Only about 1% of the largest 3,000 publicly traded US firms are run by two chief executives, according to the executive-research firm Equilar. However, experts say, the current environment of rapid-fire disruptions has made firms more open to the idea. The only question is whether the structure can work. “My bias is that co-CEOs aren’t a very good construct,” says Alan Guarino, vice chairman of Korn Ferry’s Board and CEO Services practice. “It creates a partnership which is almost always complicated.”
Still, experts say the rise of co-CEOs, along with an uptick in interim CEO placement, could be an acknowledgement of two big-picture challenges facing many organizations over the next couple of years. First, companies across industries are facing many volatile headwinds at once, including technological disruption, a lack of organic growth, corporate-culture issues, activist stakeholders, and constantly changing regulations. Boards are betting that two CEOs can more effectively cover all of these areas, with each one focusing on what they do best while also honing their skills on other issues. “This type of move is, ostensibly, to hopefully lead to faster decision-making and problem-solving,” says Tierney Remick, Korn Ferry vice chairman and co-leader of the firm’s Board and CEO Services practice.
Another factor may be surprising—namely, a lack of available, successful, and seasoned CEOs capable of doing the job by themselves.
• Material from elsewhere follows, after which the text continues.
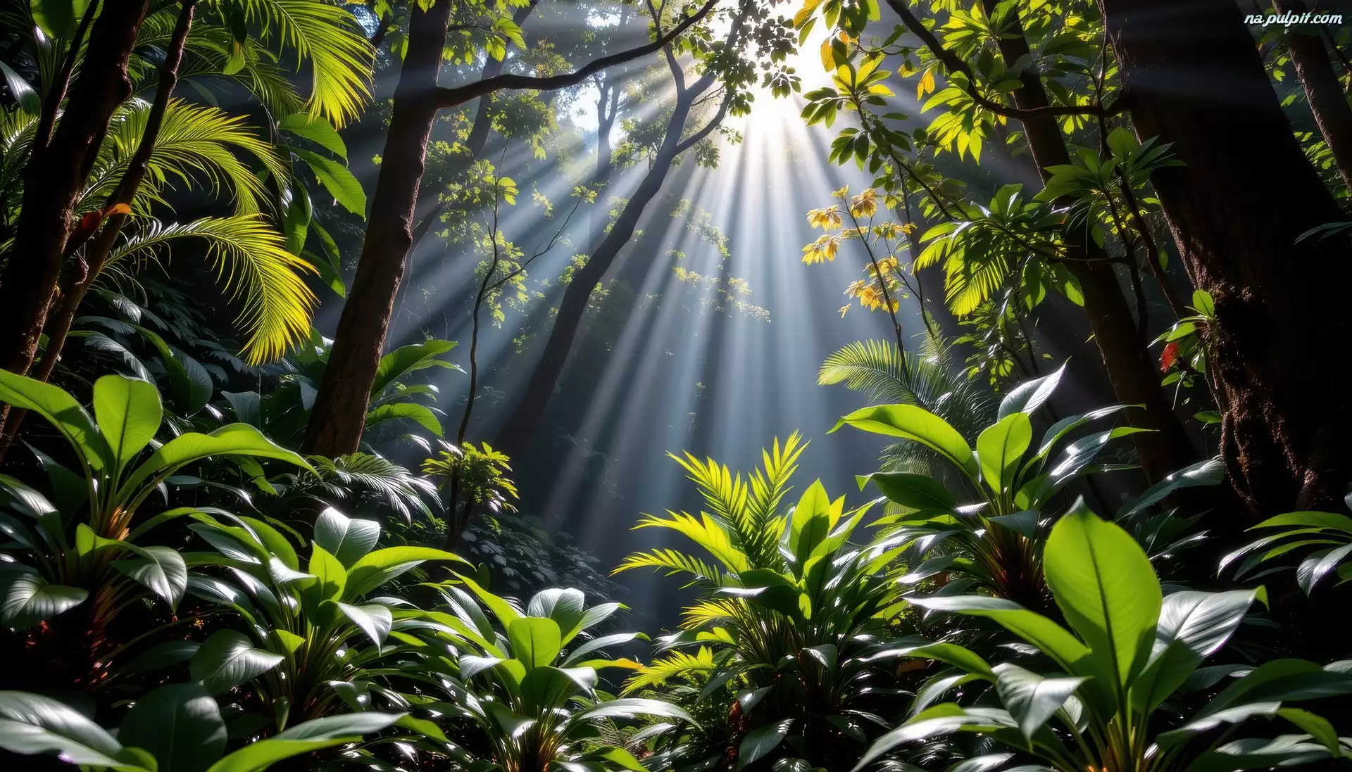 Przebijające światło, Tropikalny, Las, Grafika AI, Rośliny Na Pulpit

Filling the vacancies left by the massive CEO turnover of the last two years has pushed many people who were ready for CEO roles already into the spot. So has retirement: Among the more than 1,500 US CEOs who’ve left their posts in 2025, 332 of them, most in their mid-60s or older, have retired. “The talent pool for ready-to-go CEO talent is small,” says Remick.
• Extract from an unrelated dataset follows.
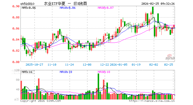 2月25日,农业ETF华夏(516810)开盘跌0.12%,报0.861元。农业ETF华夏(516810)重仓股方面,牧原股份开盘跌0.11%,温氏股份涨0.26%,海大集团跌0.17%,藏格矿业涨0.45%,盐湖股份涨0.73%,亚钾国际涨0.25%,正邦科技涨0.32%,新希望涨0.00%,梅花生物涨0.00%,扬农化工涨0.04%。

But the issue with co-CEOs often boils down to who decides what. Employees and investors can become confused when it’s not clear who is calling the shots. Indeed, some earlier high-profile co-CEO attempts collapsed over this very issue. When decision-making rights become fuzzy, Remick says, decisions slow down or get second-guessed. That’s why it’s imperative that boards explicitly define which executive owns which decisions, as well as how to escalate—and ultimately resolve—disagreements.
“Over time, the co-CEO model almost always collapses into one leader,” says Guarino. A great CEO, with a strong team of direct reports, achieves the same balance more cleanly. Indeed, Joe Griesedieck, Korn Ferry vice chair and managing director for the firm’s Board and CEO Services practice, agrees. “Looking at the number of CEO appointments over any period of time, the co-leadership model does not prevail, and is in fact a rarity,” he says.